══ Records for this exercise

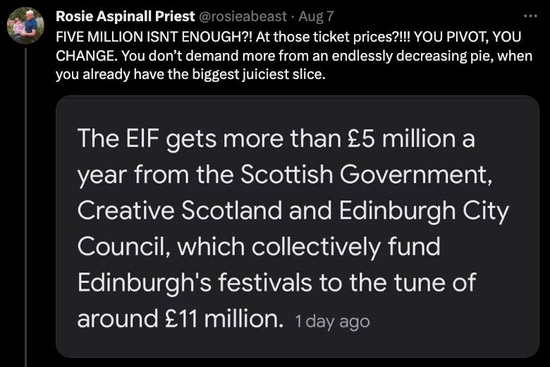 💰 Sticking with the money theme, debate is raging about funding for festivals and the arts in general. There’s a long discussion examining multiple viewpoints in this Twitter thread, featuring artist and researcher Rosie Aspinall Priest, creative Morvern Cunningham and The Scotsman’s Brian Ferguson. Here’s a summary:
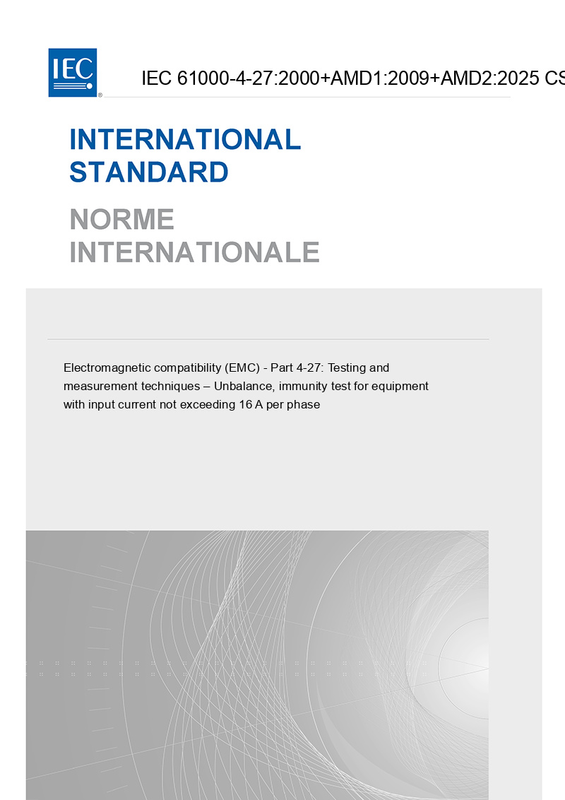 IEC 61000-4-27:2000+A1:2009+A2:2025 considers immunity tests for electric and/or electronic equipment (apparatus and system) in its electromagnetic environment. Only conducted phenomena are considered, including immunity tests for equipment connected to public and industrial networks. Establishes a reference for evaluating the immunity of electrical and electronic equipment when subjected to unbalanced power supply voltage. Applies to 50 Hz/60 Hz three-phase powered electrical and/or electronic equipment with rated line current up to 16 A per phase. This consolidated version consists of the first edition (2000) and its amendment 1 (2009). Therefore, no need to order amendment in addition to this publication.
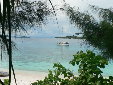 Wir fanden zwei Ankerplätze abseits dieser beiden Inseln und haben keine andere Touristen getroffen. Selbst Segelschiffe wie unsere MULINE kommen nur sehr selten in diese Region und so waren wir, zusammen mit der YAGOONA, Hauptinteresse der Inselbewohner. Wir ankerten beidemale in der Nähe eines kleinen Dorfes und da war der Weg nicht weit, dass wir ständigen Besuch an unseren Booten hatten. Manchmal kamen sie mit Fisch zum Verkauf und manchmal nur um zu schauen.
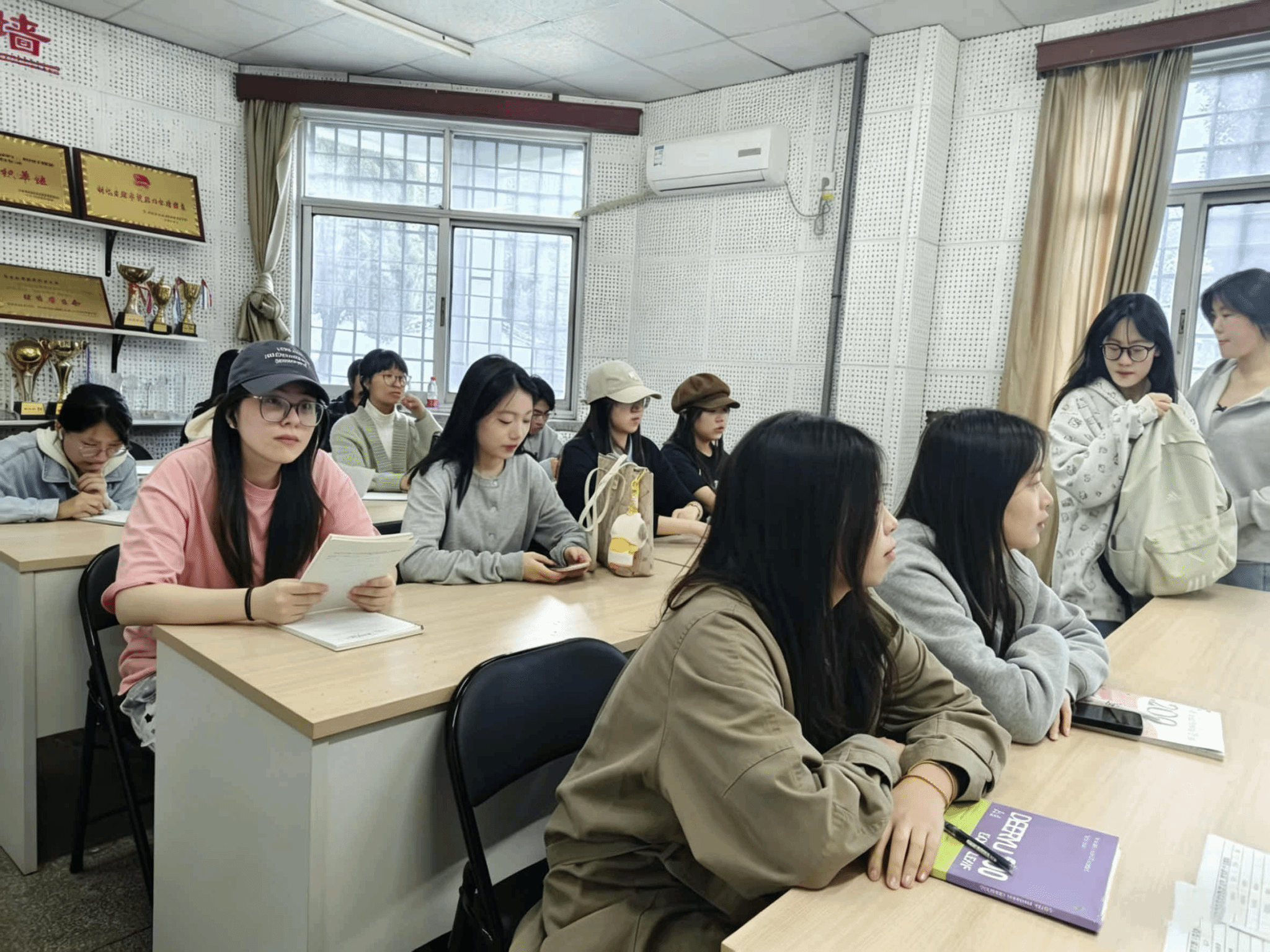 活动现场,同学们围绕英语四级听力、阅读、写作、翻译等关键题型展开深入交流,分享各自的备考方法、刷题技巧与复习规划,针对备考中遇到的难点问题互相探讨、共同解答。大家结合自身学习经验,交流备考心得、梳理知识盲区,在互动交流中查漏补缺,进一步明晰了四级备考方向,掌握了更实用的应试技巧。
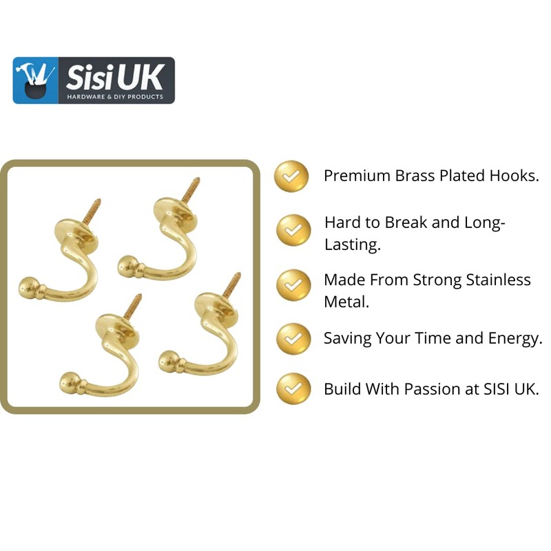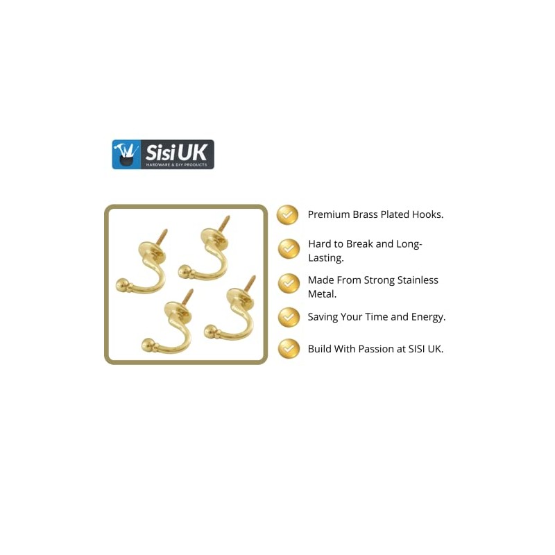 SISI UK Brass Curtain Tieback Hooks (Pack of 4) - U Shaped Ball End Hooks for Curtains, Clothes, Hanger

════

→ **Task requirements**
In the copy, keep every line of the data above exactly and drop each picture.

→ **Result**
 💰 Sticking with the money theme, debate is raging about funding for festivals and the arts in general. There’s a long discussion examining multiple viewpoints in this Twitter thread, featuring artist and researcher Rosie Aspinall Priest, creative Morvern Cunningham and The Scotsman’s Brian Ferguson. Here’s a summary:
 IEC 61000-4-27:2000+A1:2009+A2:2025 considers immunity tests for electric and/or electronic equipment (apparatus and system) in its electromagnetic environment. Only conducted phenomena are considered, including immunity tests for equipment connected to public and industrial networks. Establishes a reference for evaluating the immunity of electrical and electronic equipment when subjected to unbalanced power supply voltage. Applies to 50 Hz/60 Hz three-phase powered electrical and/or electronic equipment with rated line current up to 16 A per phase. This consolidated version consists of the first edition (2000) and its amendment 1 (2009). Therefore, no need to order amendment in addition to this publication.
 Wir fanden zwei Ankerplätze abseits dieser beiden Inseln und haben keine andere Touristen getroffen. Selbst Segelschiffe wie unsere MULINE kommen nur sehr selten in diese Region und so waren wir, zusammen mit der YAGOONA, Hauptinteresse der Inselbewohner. Wir ankerten beidemale in der Nähe eines kleinen Dorfes und da war der Weg nicht weit, dass wir ständigen Besuch an unseren Booten hatten. Manchmal kamen sie mit Fisch zum Verkauf und manchmal nur um zu schauen.
 活动现场,同学们围绕英语四级听力、阅读、写作、翻译等关键题型展开深入交流,分享各自的备考方法、刷题技巧与复习规划,针对备考中遇到的难点问题互相探讨、共同解答。大家结合自身学习经验,交流备考心得、梳理知识盲区,在互动交流中查漏补缺,进一步明晰了四级备考方向,掌握了更实用的应试技巧。
 SISI UK Brass Curtain Tieback Hooks (Pack of 4) - U Shaped Ball End Hooks for Curtains, Clothes, Hanger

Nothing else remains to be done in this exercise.